Task item -
Beginning with the line containing "Love Get In" and ending at the last line of the records, transcribe each line exactly. Do not include pictures.

(Dataset records)
↓

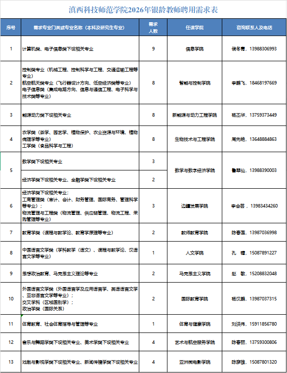 岗位需求如下图所示,详见《滇西科技师范学院2026年银龄教师聘用需求表》(附件1)。
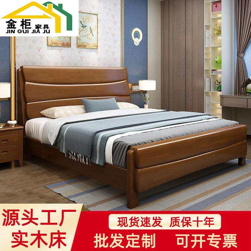 中式实木床1.8米主卧双人床简约现代经济型1.5m单人储物高箱婚床
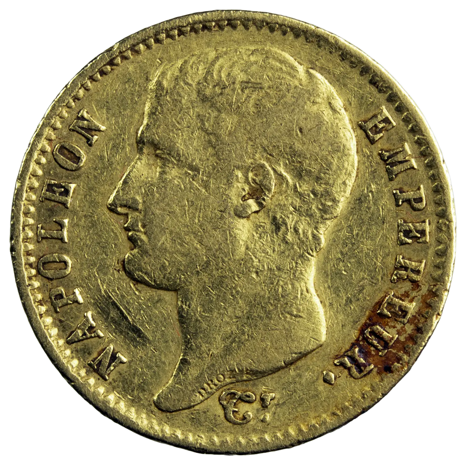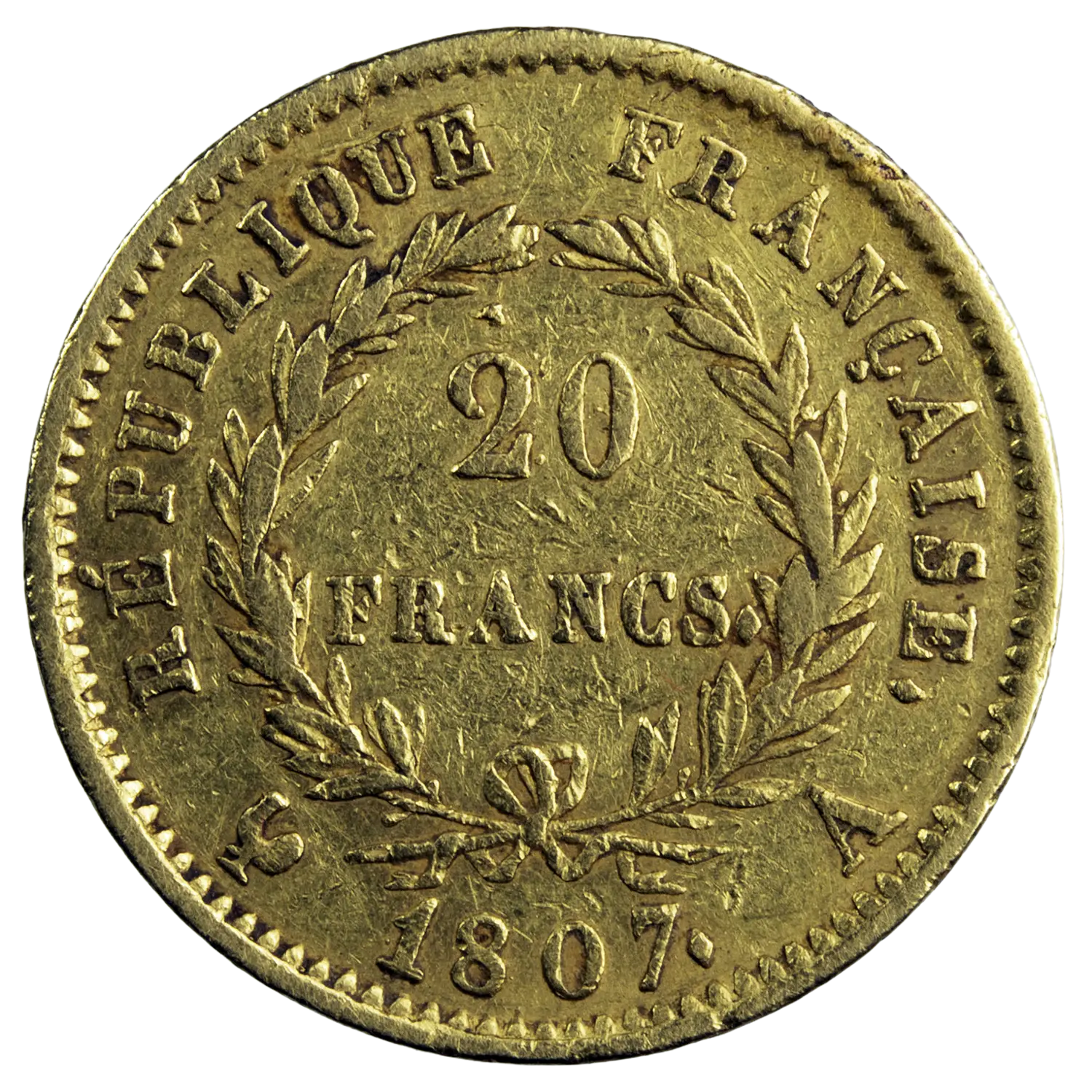 Pièce de 20 francs or de Napoléon I empereur, monnaie frappée en 1807 à Paris, il existe deux types pour 1807 celui ci à la tête nue.
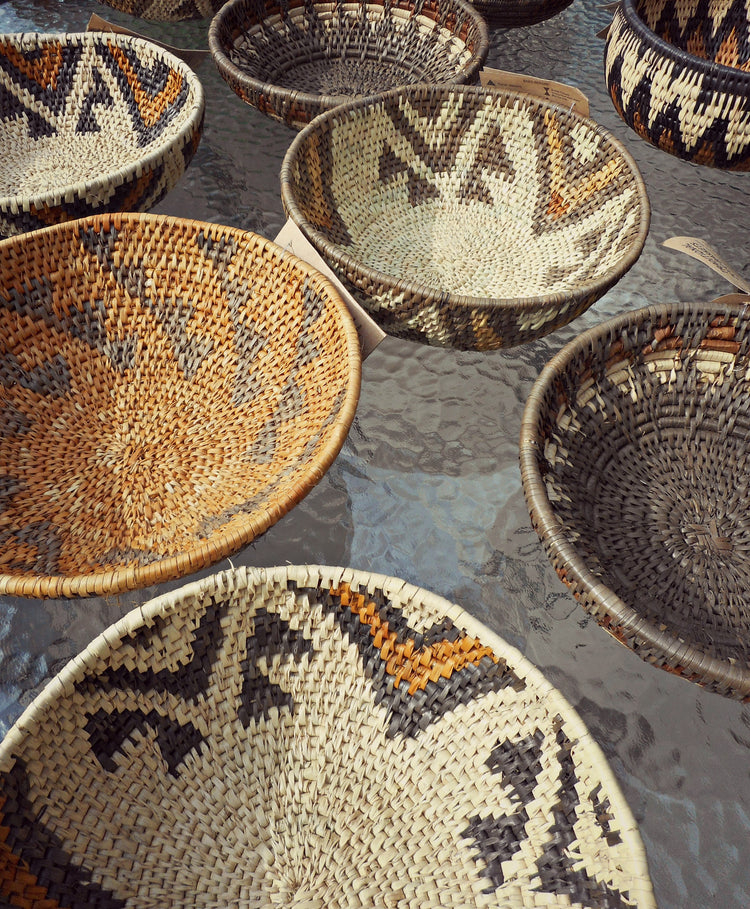 Zulu basket-weaving is a craft that reflects the rich culture and history of the Zulu people. The baskets are made from natural materials that are found in different regions of KwaZulu-Natal, such as ilala palm and ncebe bark. Ilala palm leaves are used to make fine, water-tight baskets that have a cream colour. Ncebe bark is used to make light brown baskets that are not water-tight and are used for storing dry goods. The baskets are also decorated with dyed ilala palm leaves to create colourful patterns and designs.
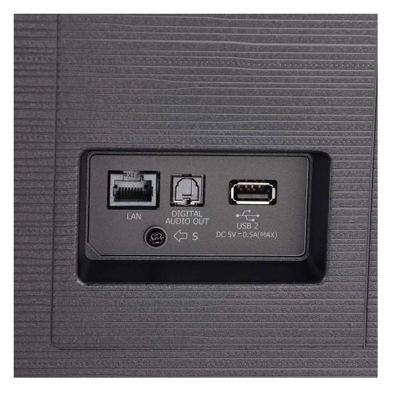 Модель оснащена цифровым DVB и аналоговым тюнерами PAL/SECAM для приема телевизионного сигнала и его декодирования. Защита от детей позволяет заблокировать панель управления. Набор интерфейсов состоит из HDMI (четыре), USB 2.0 тип A (два), разъема LAN (RJ45), разъема 3,5 мм. Настольная подставка входит в комплект. Предусмотрена возможность крепления на стену при помощи VESA 400x300. Корпус окрашен в темно-серый цвет. Габаритные размеры устройства без подставки — 78,4х123,3х30 см, вес — 19,4 кг.
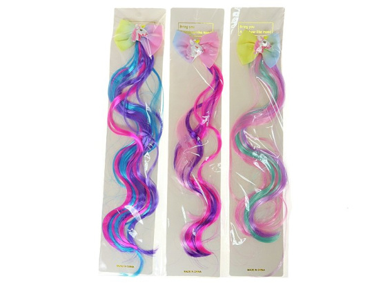 włosy - ozdoba do włosów 29cm, kosmyk z kokardką i jednorożcem
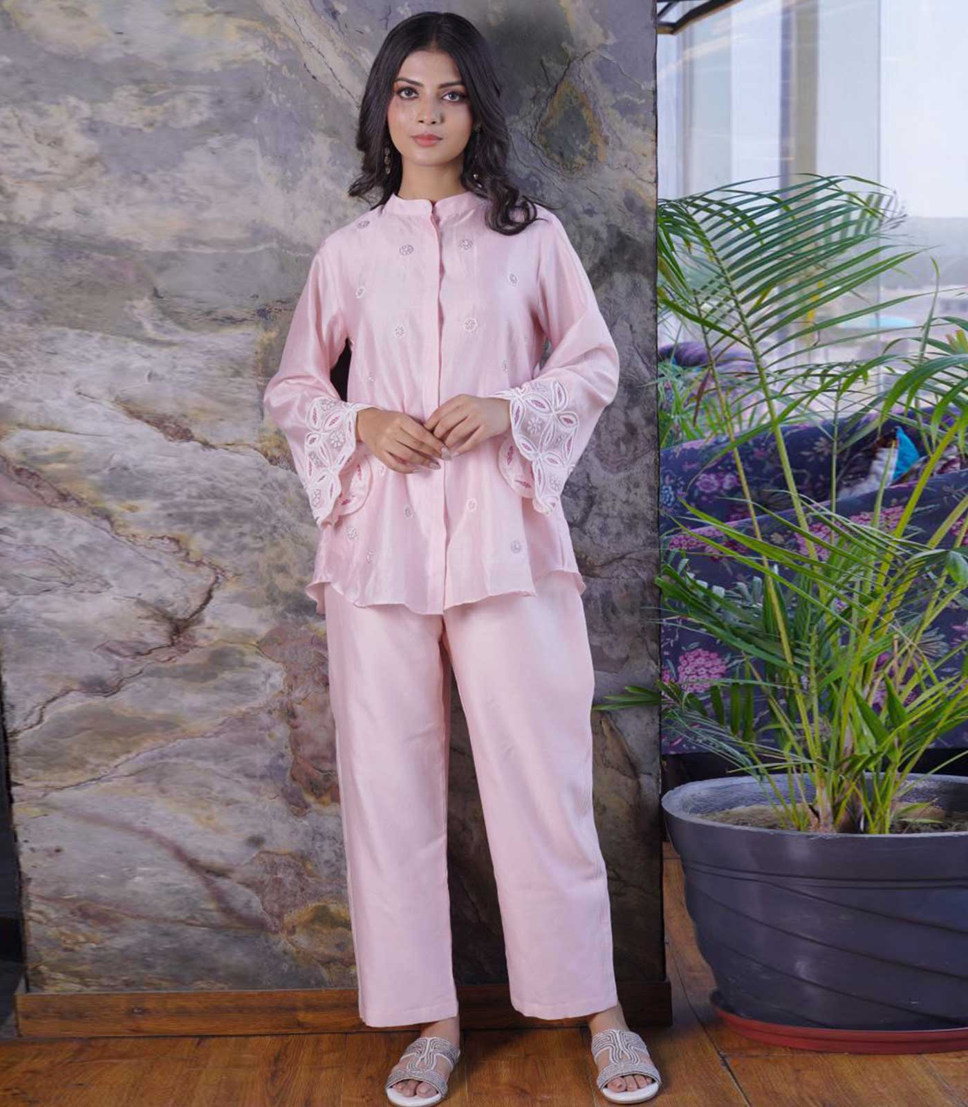 Chanderi Cord -Set With Resham Mooti embroidery in White and peach color on the bell sleevs.
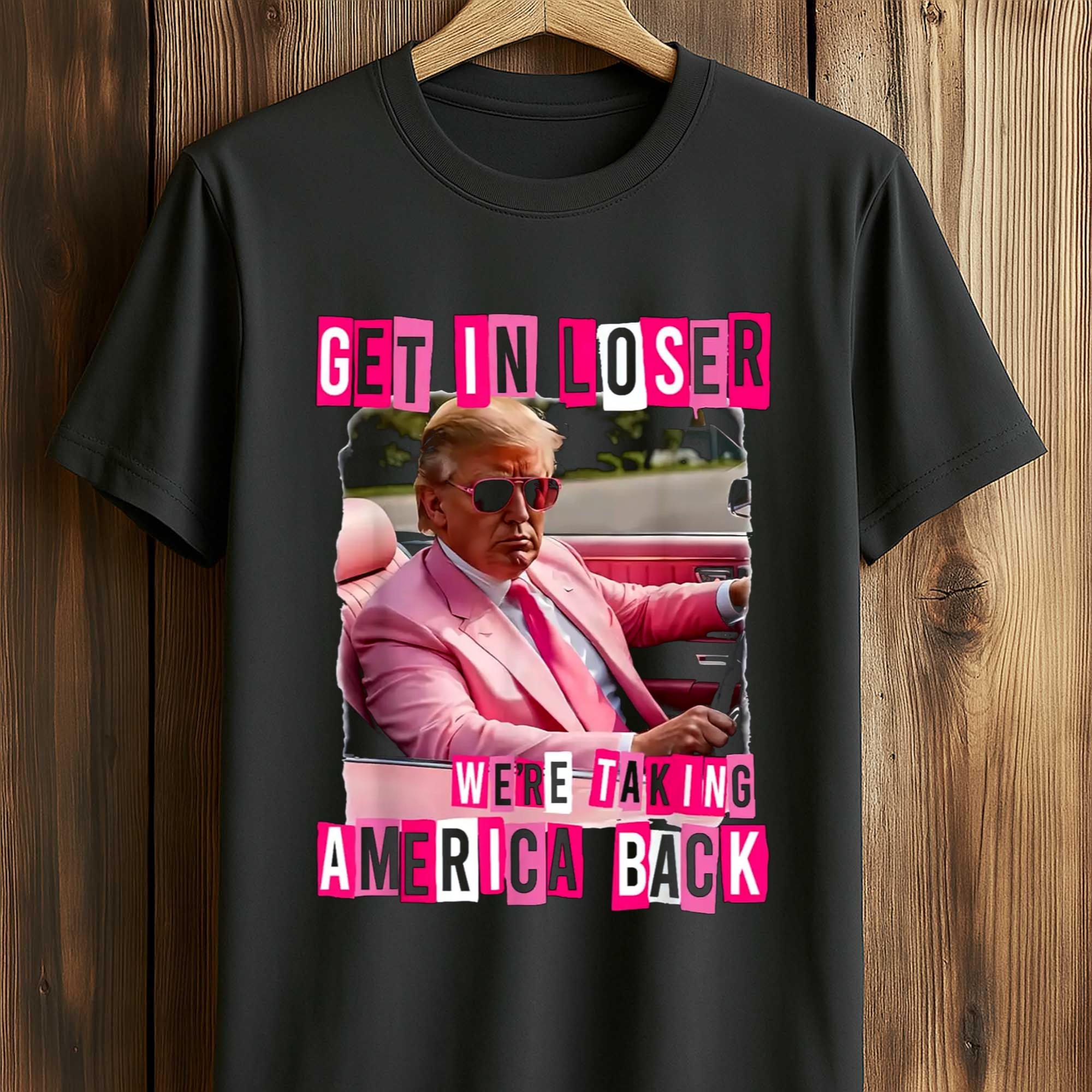 Love Get In Loser We're Taking America Back Shirt? Personalize it your way with our custom options! Choose your design, colors, and style to reflect your personality, convey a special message, or craft a one-of-a-kind gift.
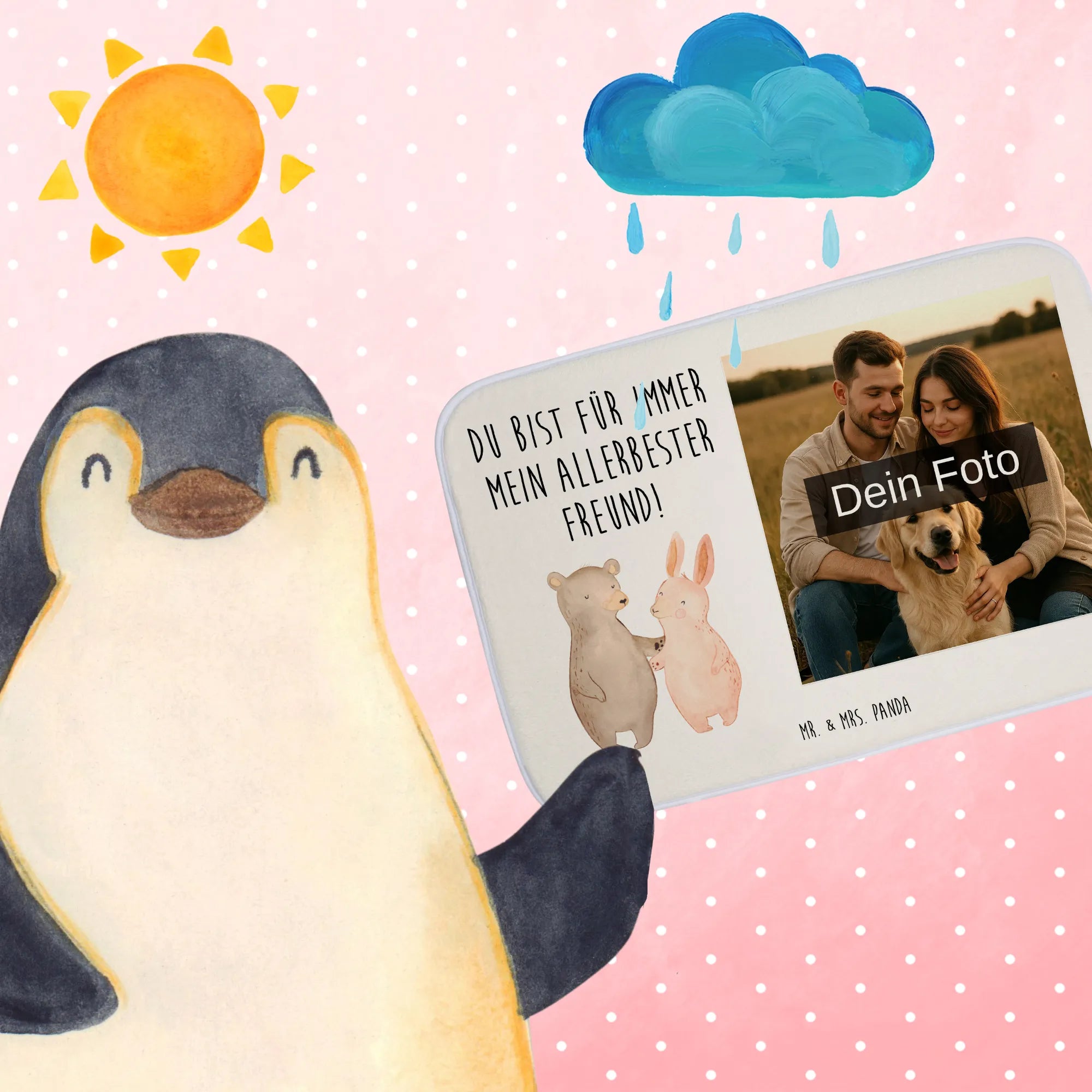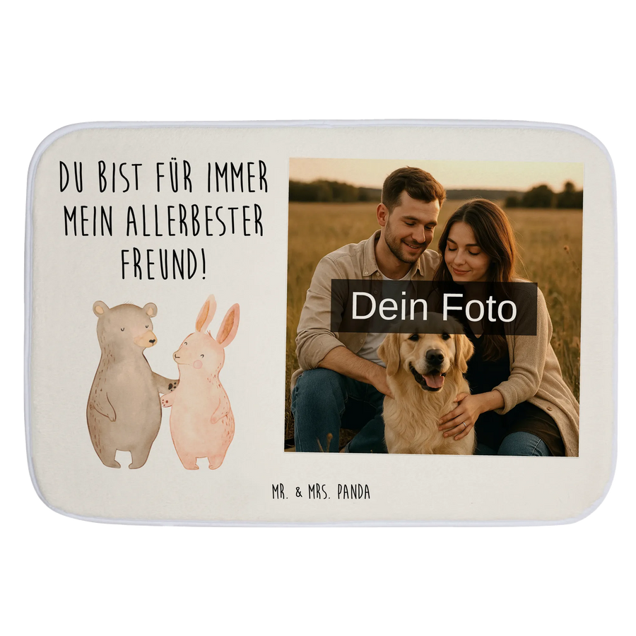 Personalisierte Foto Badematte Bär und Hase Umarmen

↑

Solution to the exercise -
 Love Get In Loser We're Taking America Back Shirt? Personalize it your way with our custom options! Choose your design, colors, and style to reflect your personality, convey a special message, or craft a one-of-a-kind gift.
 Personalisierte Foto Badematte Bär und Hase Umarmen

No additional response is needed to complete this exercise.